I remember being told as a senior in college that my generation would change not just jobs but careers roughly five times throughout our professional lives. Reflecting on that bit of info which, for some reason, I retained for the last 15+ years, I consider myself quite fortunate that I found a home with one theatre company in my post-college professional life. Though, to be fair, within this company, I’ve filled many jobs: stage manager, grant writer, lighting designer, marketing coordinator, costume designer, managing director, director, special events coordinator, production manager, facilities manager, teaching artist, box office manager, etc.

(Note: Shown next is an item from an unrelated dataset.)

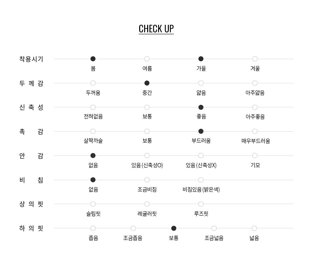 구김이 적고 형태 회복이 뛰어나 장시간 착용에도 깔끔한 외관을 유지하며, 세탁과 관리가 용이한 이지케어 소재입니다.

Alternating between artistic and administrative roles within that list was an intentional choice. If I ordered chronologically, it would start on the artistic side and gradually shift to the administrative with little blips of artistic peppered in. A slow transition over time, like the frog that doesn’t jump out if you put it in a pot of water and gradually turn up the heat, but will if you drop it into boiling water. Perhaps not the best metaphor, but it’s kinda accurate. I remember resisting more responsibilities on the administrative side at first and then at some point, falling into them more and more and leaving the other side behind.

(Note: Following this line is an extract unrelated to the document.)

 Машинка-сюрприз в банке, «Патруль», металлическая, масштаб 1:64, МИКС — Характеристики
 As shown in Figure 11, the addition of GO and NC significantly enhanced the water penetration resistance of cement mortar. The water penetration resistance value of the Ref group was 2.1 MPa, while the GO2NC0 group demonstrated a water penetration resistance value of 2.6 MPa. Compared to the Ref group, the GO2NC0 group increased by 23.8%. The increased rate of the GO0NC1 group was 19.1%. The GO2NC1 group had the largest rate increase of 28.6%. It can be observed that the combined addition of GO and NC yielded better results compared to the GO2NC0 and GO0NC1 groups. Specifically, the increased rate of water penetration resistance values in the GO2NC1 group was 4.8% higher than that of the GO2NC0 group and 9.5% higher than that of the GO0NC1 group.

At an arts event last week, all the attendees were asked to put themselves into smaller groups – artist, administrator, business owner, patron – wherever they fit best. I found myself briefly wanting to go to artist, but heading towards administrator. Also last week, we kicked off our latest community-based production – a revisiting of Steelbound set for 2019 – with the six core artists at Touchstone, complete with popping the cork on a bottle of champagne and toasting to the future project. A exciting beginning to an exciting project, but when asked how I wanted to be involved artistically I could only think of development, marketing, house management, and box office. All important and often creative roles in the project, but not ones that flex my weakening theatre art muscles. And then the clincher came a couple days ago, when an email came in from Trinity Rep that read “Great Writers” in huge letters up top with “Harper Lee and James Baldwin” written smaller below next to a picture of each…and what did I read? “Grant Writers”. It took me a few seconds to realize that these two authors were, of course, not also grant writers. Why did I read it that way? Maybe because my mind lives in the administrative world and not the artistic, or maybe because I’m often moving quickly and taking in info based on my perception of things and maybe not reality (yikes, that’s a big one!), or maybe there’s an option three that I haven’t quite figured out yet.

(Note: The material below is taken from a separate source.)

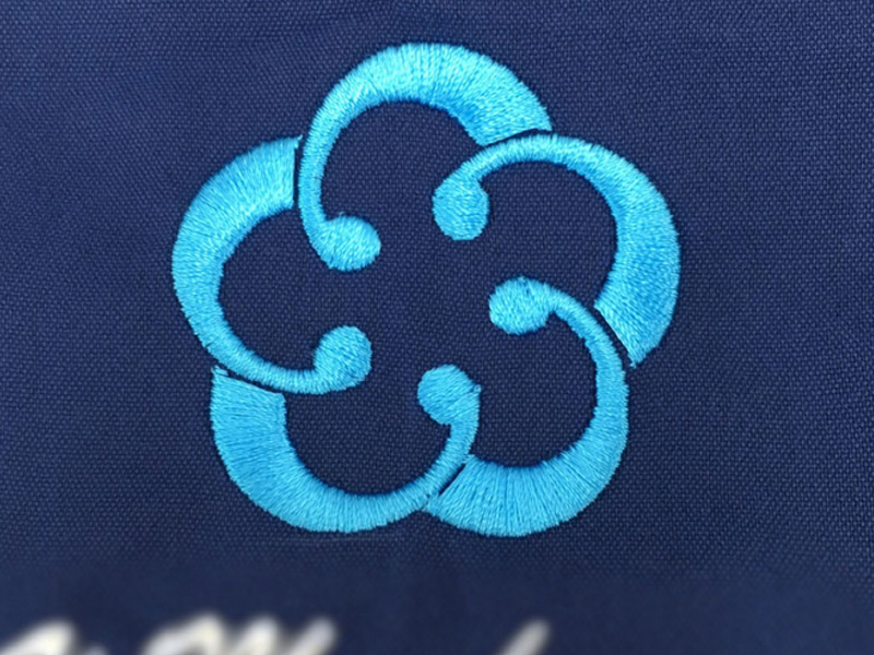 背中1色シルクプリント、左袖にデザイン刺繍とネーム刺繍を入れさせていただきました。

Whatever the case, I know I’m happy to serve an arts organization I believe in whole-heartedly, through the various and sundry roles of administrator and artist. Now though, I think I owe it to myself (and the company) to be more aware of how this shift from art-focused to admin-focused has affected my work, who I am now, and how I perceive things. I also need to remember to recognize the creativity that exists in my admin work, like crafting the language for a compelling grant or orchestrating the flow of a fundraising event. And unlike the frog, I’m aware of the pot I’ve chosen to boil in and will boil on in the name of good, transformative theatre!